Kitty couldn’t breathe. Iron bands tightened steadily, remorselessly around her lungs. She tried to thrash out but her arms were pinioned tightly against her chest, fingers clutching, bruising her upper arms. Suddenly other senses awakened. Her feet were moving. Vision and sound arrived as though she had pressed the “on” switch of a TV. She walked with bare feet through cold viscous mud up to her ankles, straining with every muscle to lift herself up and away from its clammy touch. Her feet made sucking sounds as she walked, releasing a stench like sewage and rotting flesh. Footprints appeared in the dark muck at her feet, leading down a trail between dense thickets of brush. The empty house loomed ahead in a clearing, gray and indistinct in the sickly light of a three-quarter moon, the windows dark hypnotic eyes that compelled her toward the door.
The door was standing open.
Leading her inexorably forward toward the malevolent dark rectangle, the footprints continued – unclean obscenities fouling the steps, blemishing the dimly illuminated surface of the floor inside. The room, bathed in a pale foxfire glow that ebbed and pulsed like the ragged rhythm of her own labored breathing, was devoid of furnishings. She knew where the footprints would lead: across the empty room and down the dim corridor to the bathroom. The vortex. A yawning black unknown that reverberated with stark, blind terror. She had to go . . . had to see. She tried to move. Her body would not respond. She fell to her hands and knees and fought to crawl into the charged darkness, straining forward. Someone was holding her back – someone inside herself – using her lungs, her throat, in a strangled effort to emit screams that came out as gurgling, choking sobs.
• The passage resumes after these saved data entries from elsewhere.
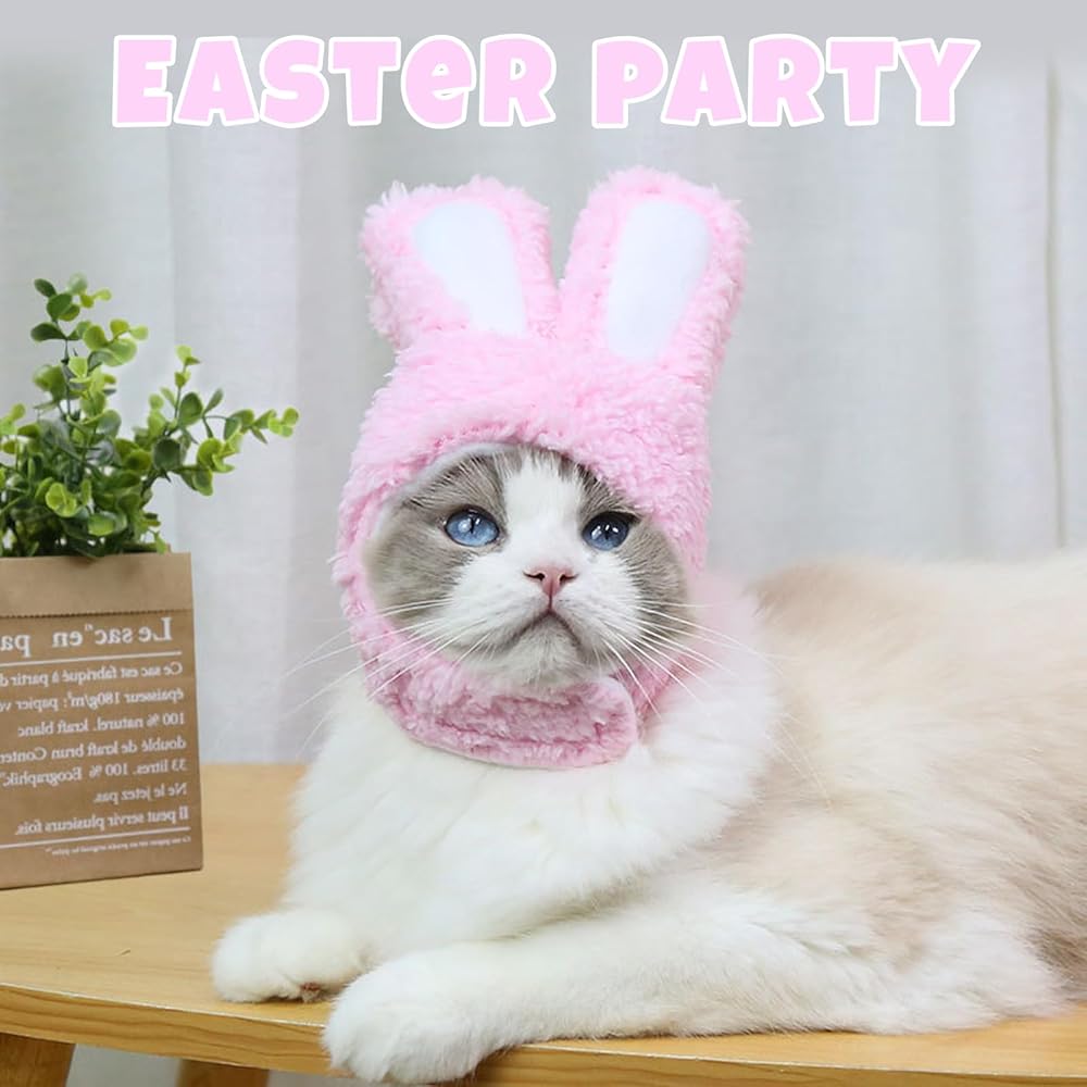 2PCS Bunny Ears for Cat, Plush Rabbit Hat with Ears for Cats & Small Dogs, Cute Easter Party Costume Pet Headwear Accessory
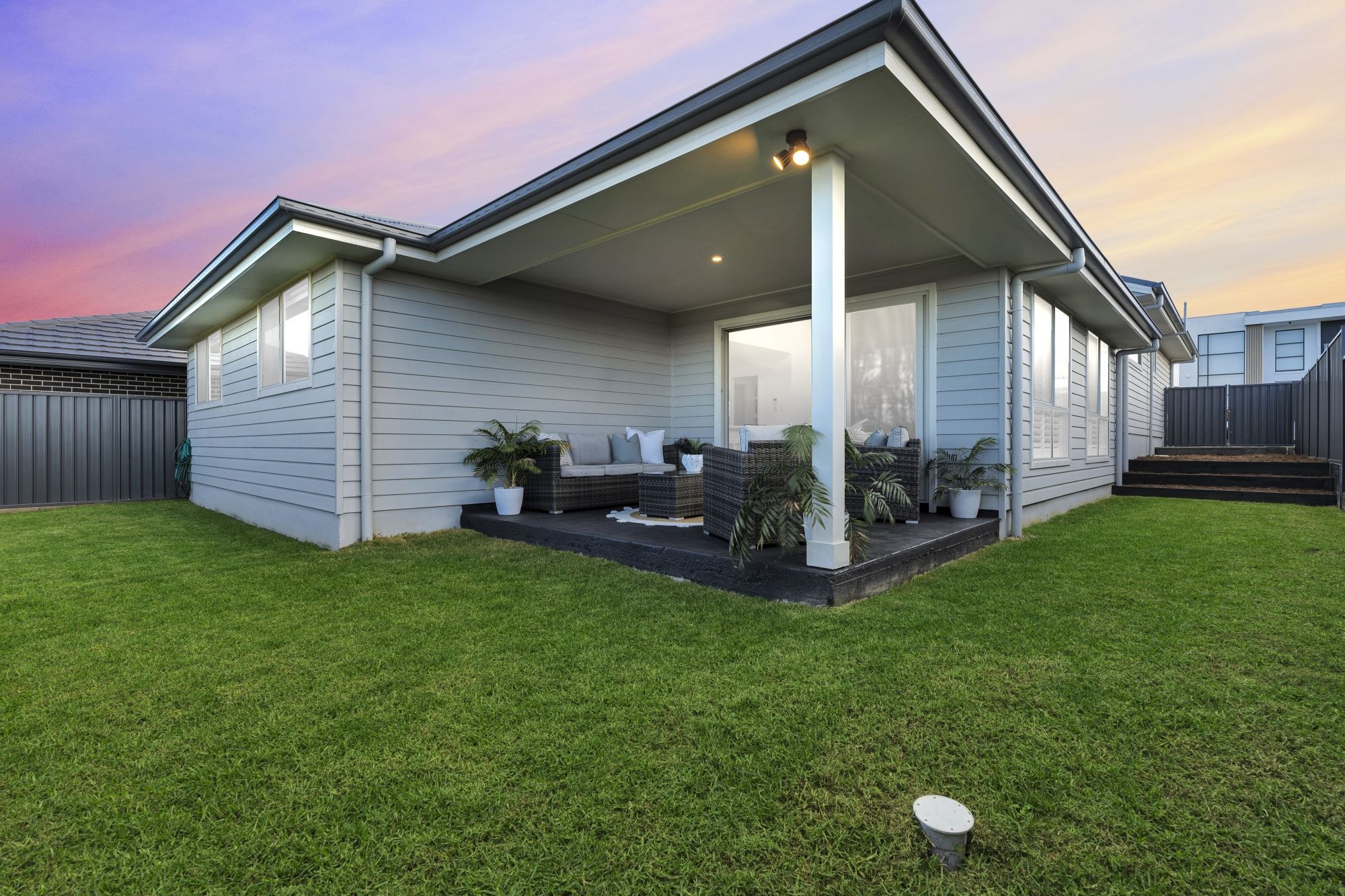 Double remote control garage, a low maintenance front and backyard and rainwater tank
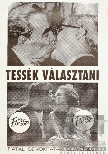 Fidesz Fiatal Demokraták Szövetsége választás országgyűlési választás szavazás Erich Honecker Leonyid Brezsnyev csók plakát 1990Fotó részletei
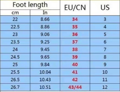 Size: 36, 37, 38, 39, 40, 41, 42, 43
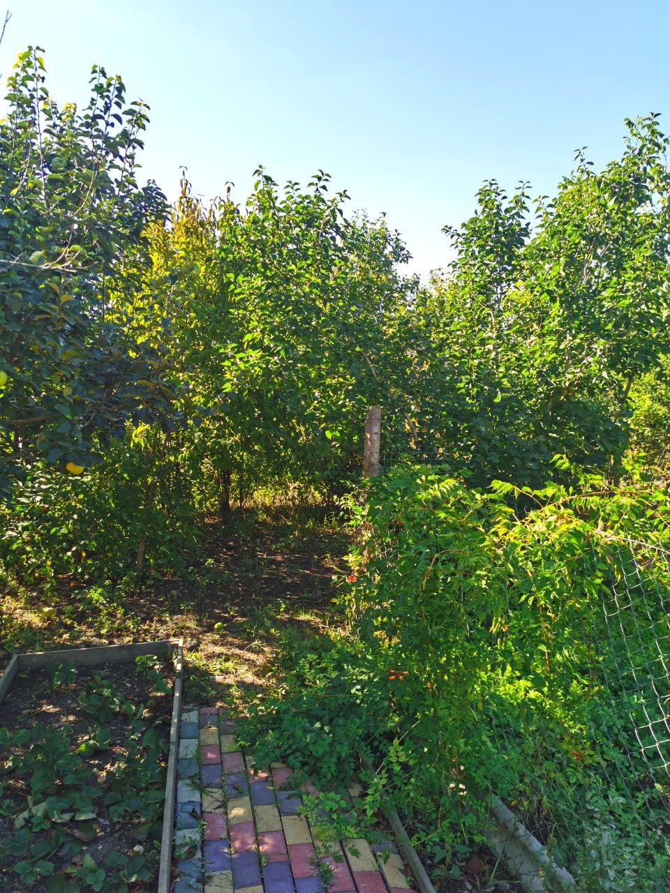 В саду очень много фруктовых деревьев, кусты малины и смородины.

She fell prostrate before the door . . and awoke flailing, gasping for breath, her sleeping bag twisted around her body. Her left shoulder was painfully wrenched, her body soaked with perspiration. Exhausted, she lay still.
Dust motes danced in a pallid ray of sunlight that streamed from a small high window through draperies woven by generations of spiders. In the dim light she could see the rough plywood walls with metal shelves on one side that held boxes of paper towels, toilet paper, and cleaning fluid; the broom, dustpan, mop and bucket were propped against the opposite wall of the room.